In Python, what you're writing for \(X\) is this: for the entire dataset, take all rows (:) as well as columns 0 up to 8 (excluding 8). Assign the output to X. By consequence, X - or your set of feature vectors - therefore contains the actual features, excluding the targets (which are in column 8).

Obviously, it's now easy to understand what happens for the desired outcomes or target set Y: you'll take the 8th column for all rows.

Next, create the model and add your Perceptron, which is a Dense layer:

# Create the Perceptron
model = Sequential()
model.add(Dense())

Problems!

I now got confused. The Keras docs wanted me to specify an activation function and an initializer.

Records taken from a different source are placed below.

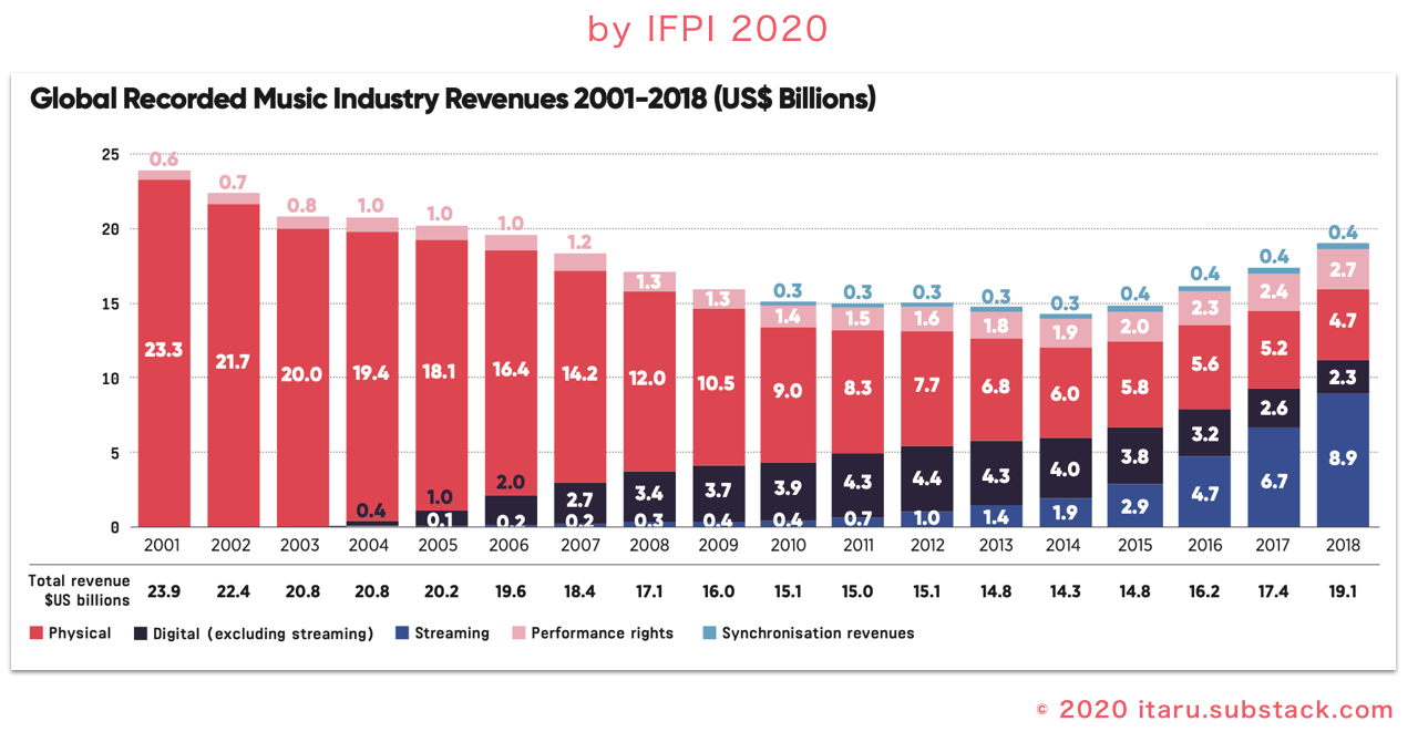 最後に、私の大好きなマーケットデータを貼って終わろうと思う。Spotify って元スタートアップ企業が 2008 年にできてから、音楽業界は下り坂を脱した。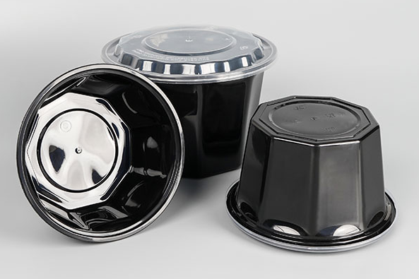 熱賣(200套裝)一次性九角美式圓形帶蓋速食打包盒(黑色)(規格:625ml)(尺寸:15.2cm*6.1cm*11.2cm)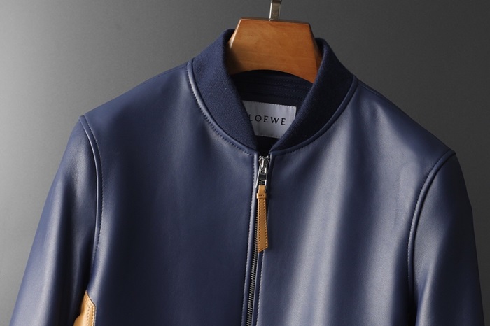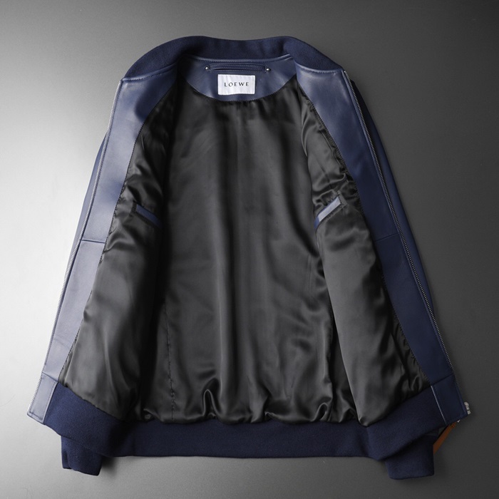 ロエベメンズカジュアルレザージャケットe0089ネイビー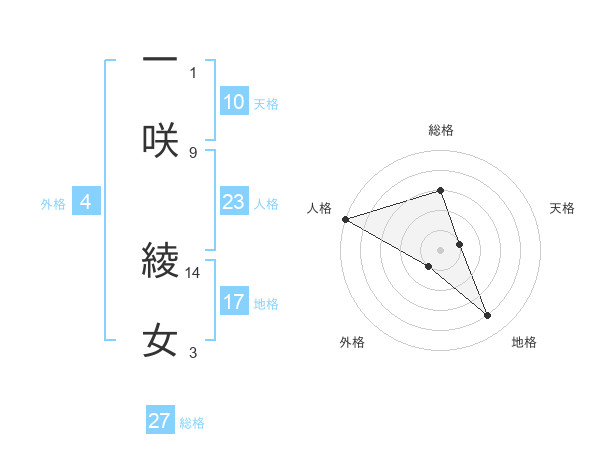 一咲 綾女さんを姓名の画数から五運を鑑定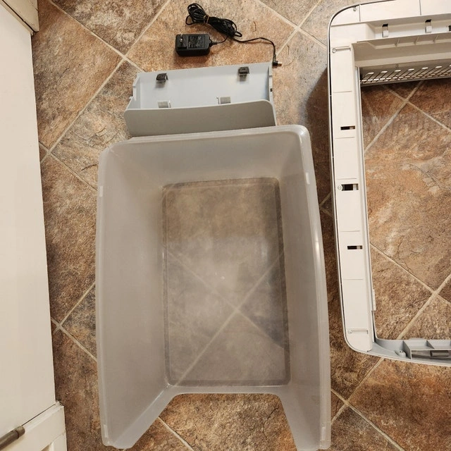 PetSafe Self Cleaning Cat Litter Box with Hood and Front Entry. Hands-free clean up. Power adapter included. Disposable litter tray NOT included. Used - Good Condition. Small chip at the base of the cover (see photos), but it doesn't affect function. Original price was over $307+GST. Selling for $120. Price is firm and non-negotiable. Cash only. Pick up in Allard, SW Edmonton. Curbside pickup available.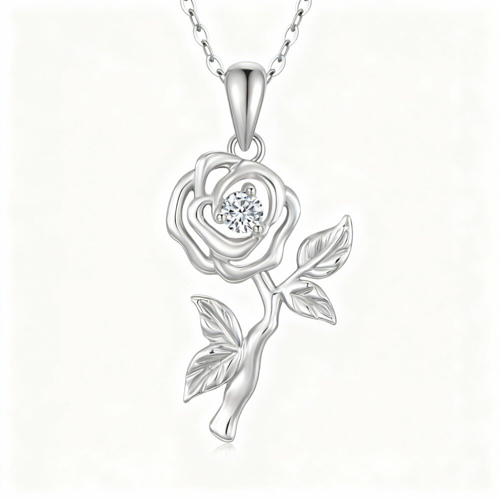 Experience the charm of our exquisite 10K White Gold Pendant Necklace featuring a stunning rose design embellished with sparkling Cubic Zirconia, perfect for elegant women.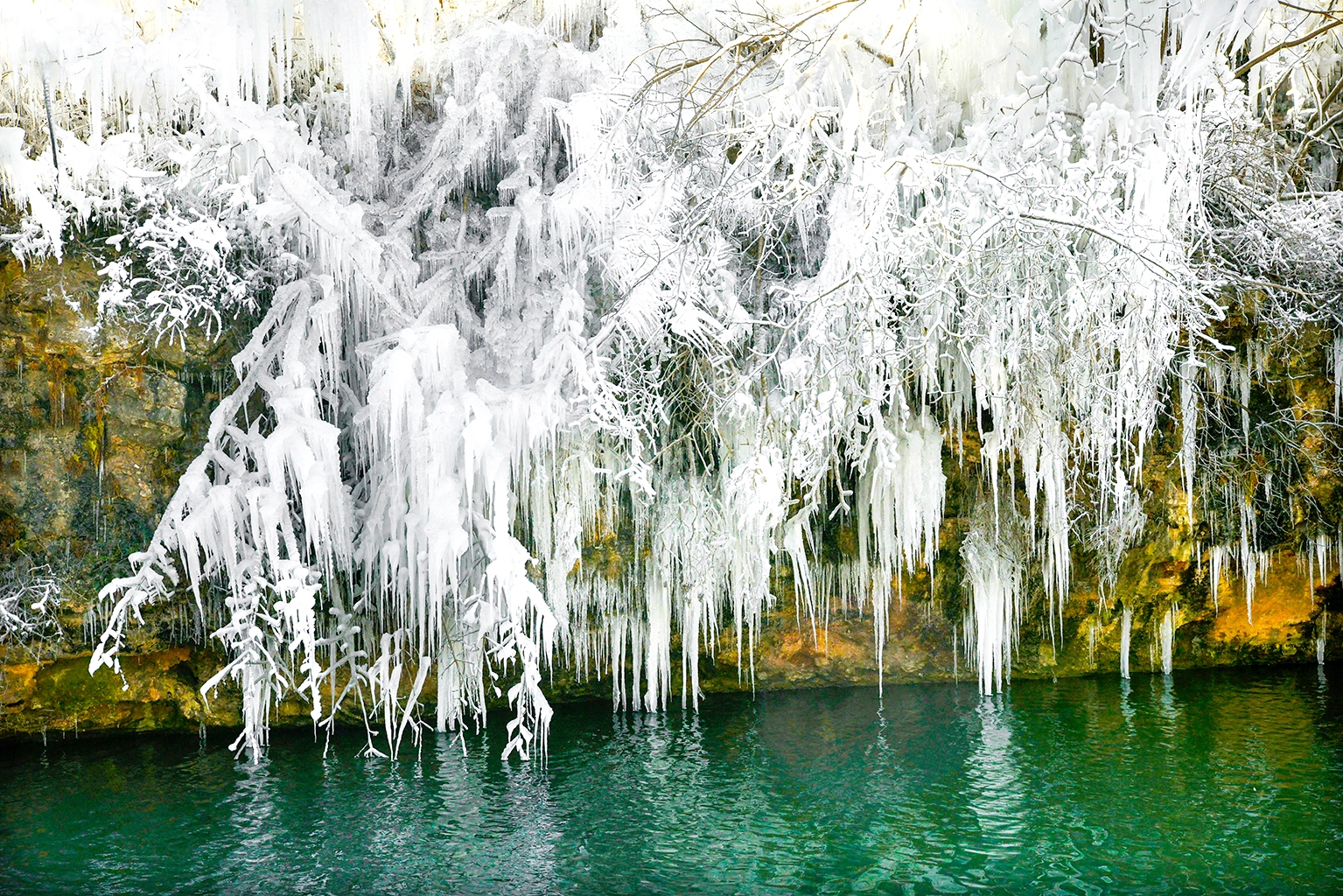 12月16日,山亭区水泉镇板上村薛河岸边山崖下冰挂美景如画。板上村利用当地自然环境,在村边薛河南岸的悬崖上人工制造出一道约200米长,数十米高的冰挂奇观,吸引不少游客前来观赏。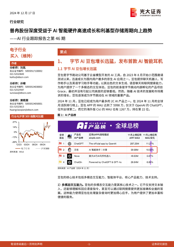 【光大证券】【20241217】AI行业跟踪报告之第46期:普冉股份深度受益于AI智能硬件高速成长和利基型存储周期向上趋势-11页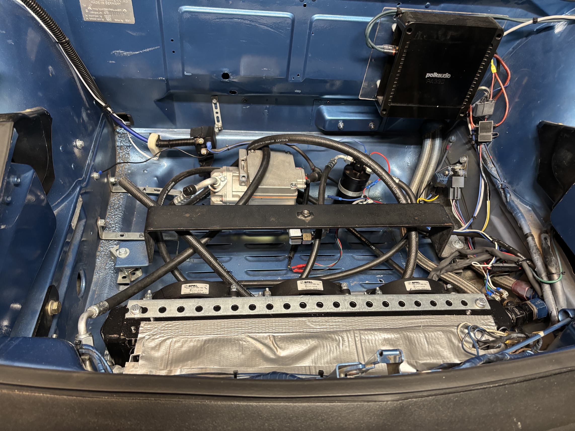 Replaced crappy hot wire to the compressor with 2 AWG wire and replaced the 17” fixse rims with 16” Fuchs. I took this picture at Cars & Coffee in San Clemente last Saturday and used Meta AI to change the background to a virtual Porsche Dealer.

So I started looking around for clues, and then I found this:

Based on that, gradient descent can't be used for perceptrons but can be used for conventional neurons that uses the sigmoid activation function (since the gradient is not zero for all x).

Source: Yahia Zakaria, StackOverflow, or (Zakaria, 2016).

Today's neural networks, which are supported by Keras, apparently use an entirely different method for optimization, I found. Whereas the Rosenblatt Perceptron updates the weights by pushing them slightly into the right direction (i.e. the Perceptron Learning Rule), today's neural networks don't do that. Instead, they compute the loss with a so-called loss function, which is differentiable. By minimizing this gradient, the algorithms find the way to the best-performing model. We call this (Stochastic) Gradient Descent. Instead of pushing the weights into the right direction, it's like descending a mountainous path, where your goal is to go to the valley - changing the model weights as you go.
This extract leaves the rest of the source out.